Jakacka Monika, Ito Masafumi, Martinson Fred, Ishikawa Toshio, Lee Eun Jig, Jameson J Larry
Division of Endocrinology, Metabolism, and Molecular Medicine, Northwestern University Medical School, Chicago, Illinois 60611, USA.
Mol Endocrinol. 2002 Oct;16(10):2188-201. doi: 10.1210/me.2001-0174.
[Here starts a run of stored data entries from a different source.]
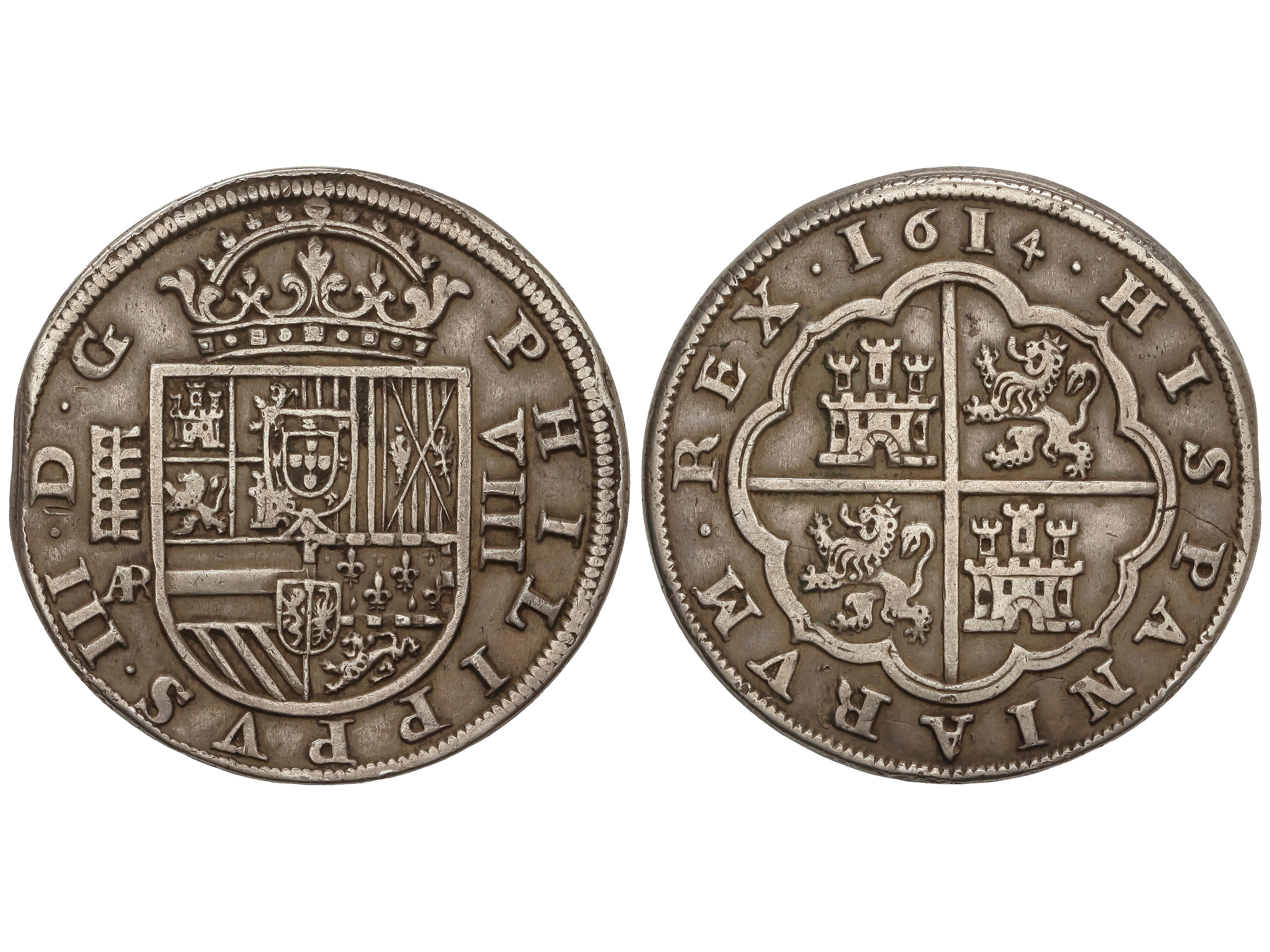 249 image8 Reales. 1614. SEGOVIA. AR. 26,64 grs. (Pequeña parte del canto final de riel). RARA. AC-946. MBC+. Ex Aureo & Calicó 361 - 18 febrero 2021, n. 321. (Image1)
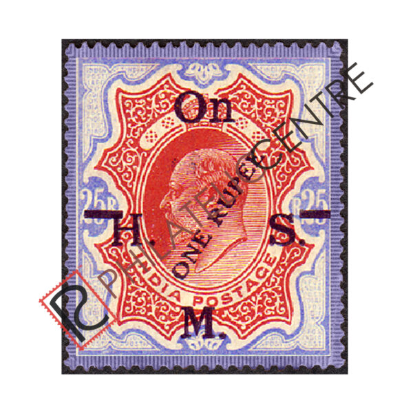 BRITISH INDIA MINT STAMP: BRITISH INDIA OFFICIALS : 1925 SURCHARGED ON 1909 EDWARD RUPEE VALUE SERVICE STAMPS. 1R ON 25R CHESTNUT & OILVE
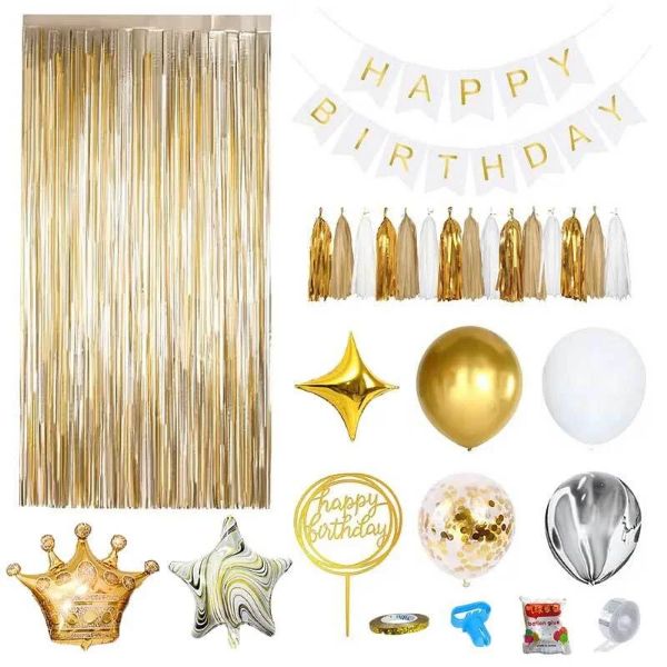 60 ballonnen in verschillende kleuren; 1x kroonvormige ballon; 2x vijfpuntige stervormige ballonnen; 2x vierpuntige stervormige ballonnen; 1x gordijn van glinsterende linten; 1x Happy Birthday banner; 5x set kleurrijke decoratieve kwastjes; 1x Happy Birthday taartdecoratie; Decoratief lint, ballonknoopaccessoires, lijm en ballonbevestigingstape.
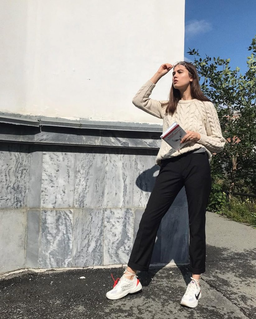 This outfit mixes warmth and structure. A beige cable-knit sweater is paired with cropped black trousers and white sneakers.
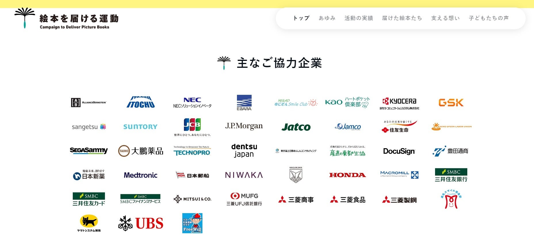 「絵本を届ける運動」は、個人はもちろん、学校、企業や団体でも参加できる活動です。ご協力いただいている企業をご紹介しています。
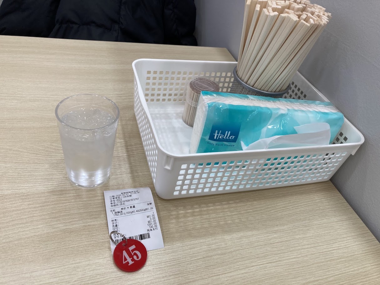 レジで会計をしたら、番号札を受け取り、具材が煮込まれるのをテーブルで待ちます。私が選んだ具材で、861円(税込)でした。
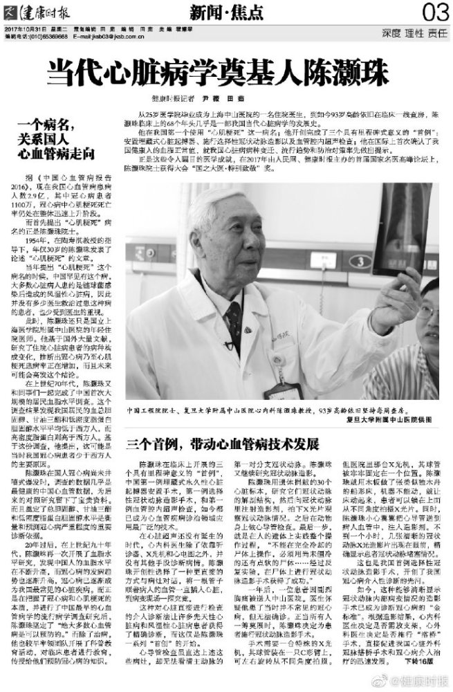 【痛惜!我国当代心脏病学之父陈灏珠逝世】今天凌晨3点09分,中国工程院院士、“当代心脏病学之父”陈灏珠院士在上海逝世,享年96岁。 陈灏珠,1924年生,曾任上海市心血管病研究所所长,中华医学会心血管病学会副主任委员等职。 他在我国第一个使用“心肌梗死”这一病名;他开创完成了三个具有里程碑式意义的“首例”:安置埋藏式心脏起搏器、施行选择性冠状动脉造影以及血管腔内超声检查;他在国际上首次确认了我国健康人的血脂正常值,就我国心脏病病种变迁、流行趋势和防治对策率先做出提示。 对于如何成为一名好医生,陈灏珠曾在首届国家名医高峰论坛(2017年度)上曾谈到,要医德高尚、医风严谨、医术精湛、热心教学、努力科研、终生学习,还要加上预防疾病促进人民健康、病后康复加强疾病管理这两条。
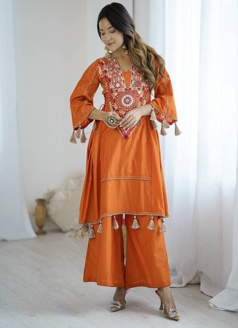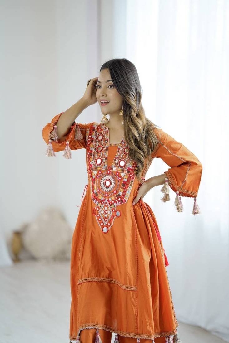| Product Name | Orange Embroidered Cotton Kurta And Pant | |
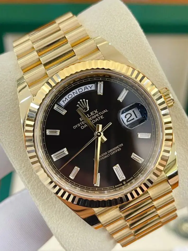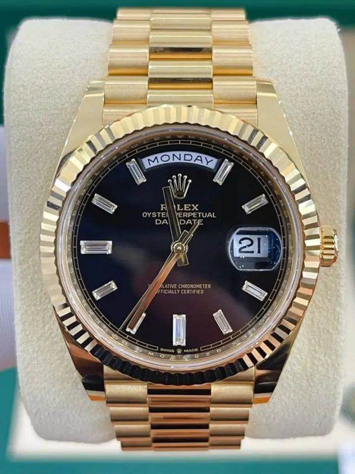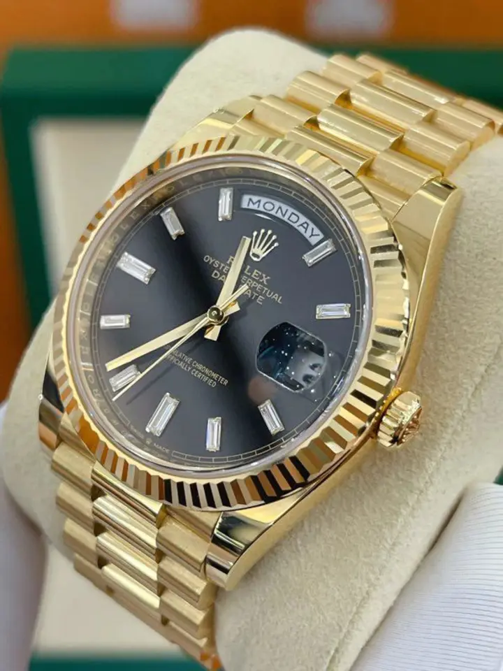 Dial: bright black, diamond-set dial, and day and date window.
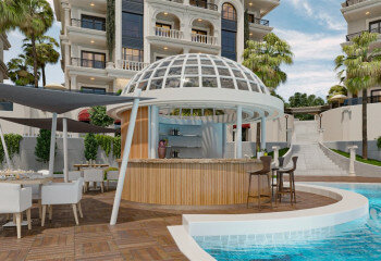 Соседние стены также будут звукоизолированы. Окна всех наших апартаментов будут выходить на Средиземное море, порт и Таврские горы. Для комфорта, уединения, отдыха и спокойствия , сады и социальные объекты расположены на разных уровнях территории комплекса.
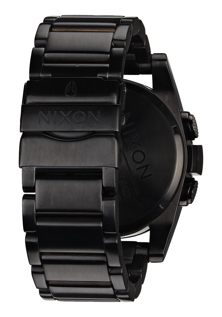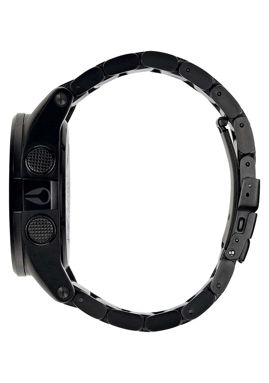 44,5 mm, caja personalizada de acero inoxidable macizo, 100 metros/10 ATM, bisel fijo de acero inoxidable macizo, cristal mineral endurecido, pulsadores de acero inoxidable con doble junta, fondo de caja atornillado de acero inoxidable y asas con pasadores atornillados.
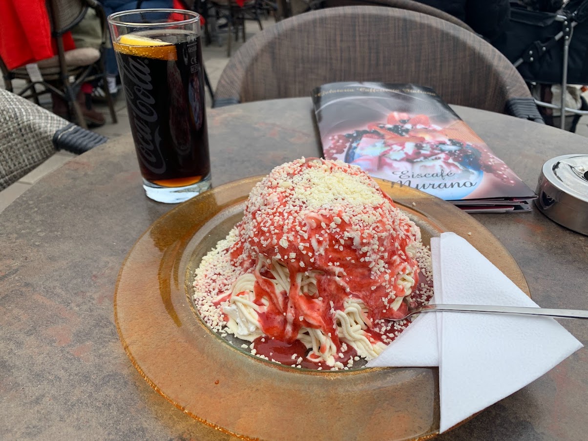 Anschliessend fraß Ich auf dem Kornmarkt ein riesen Spaghettieis in mich rein das mich inkl. Cola 16 € gekostet hat.
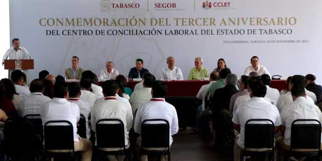 “Los felicito ampliamente no sólo por el tercer aniversario sino por el buen trabajo que se viene desempeñando y cada día va rindiendo frutos y sumando más cosas buenas que benefician al sector laboral en Tabasco, tanto a los trabajadores como a las mismas empresas, resultados que demuestran su eficiencia y calidad en el servicio que ofrecen a la ciudadanía”, aseveró.
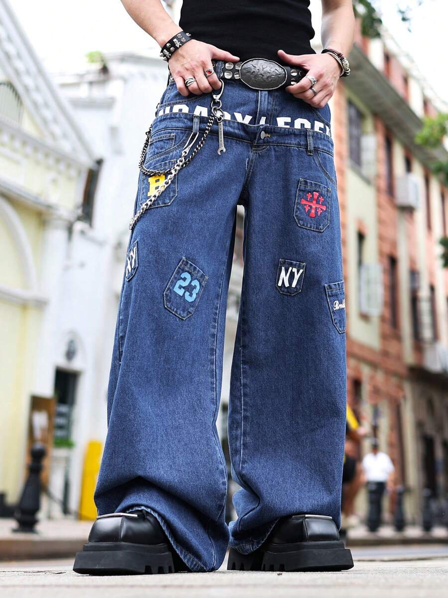 Street Life Jeans décontractés pour hommes à double ceinture et jambes larges
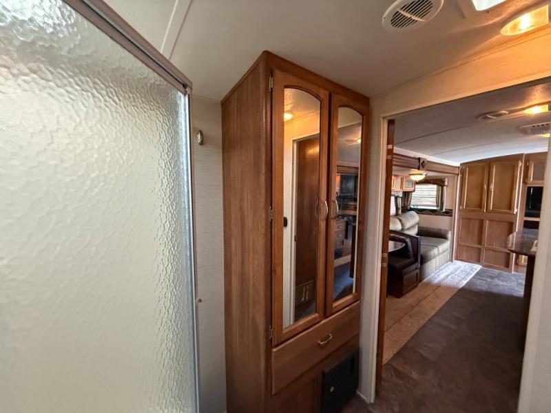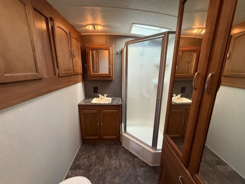 Head to the rear of the unit where you will find a spacious bath which provides an angled shower, toilet, sink, double door linen cabinet just inside the door, and also more storage above the toilet area along the wall.

We created a nonclassical estrogen receptor (ER) knock-in mouse model by introducing a mutation that selectively eliminates classical ER signaling through estrogen response elements, while preserving the nonclassical ER pathway. Heterozygous nonclassical ER knock-in (NERKI) females are infertile. Their ovaries contain no corpora lutea, reflecting a defect in ovulation, and the stromal cells contain lipid droplets, suggesting altered steroidogenesis. The uteri are enlarged with evidence of cystic endometrial hyperplasia, and the mammary glands are hypoplastic. These phenotypic features indicate differential ER effects on growth and development in various estrogen-responsive tissues. These findings suggest that nonclassical ER signaling pathways play an important physiological role in the development and function of the reproductive system.
我们通过引入一种突变创建了一种非经典雌激素受体(ER)敲入小鼠模型,该突变可选择性消除通过雌激素反应元件的经典ER信号传导,同时保留非经典ER途径。杂合子非经典ER敲入(NERKI)雌性小鼠不育。它们的卵巢中没有黄体,这反映出排卵存在缺陷,并且基质细胞含有脂滴,表明类固醇生成发生了改变。子宫增大,有囊性子宫内膜增生的迹象,乳腺发育不全。这些表型特征表明ER对各种雌激素反应性组织的生长和发育有不同的影响。这些发现表明,非经典ER信号通路在生殖系统的发育和功能中发挥着重要的生理作用。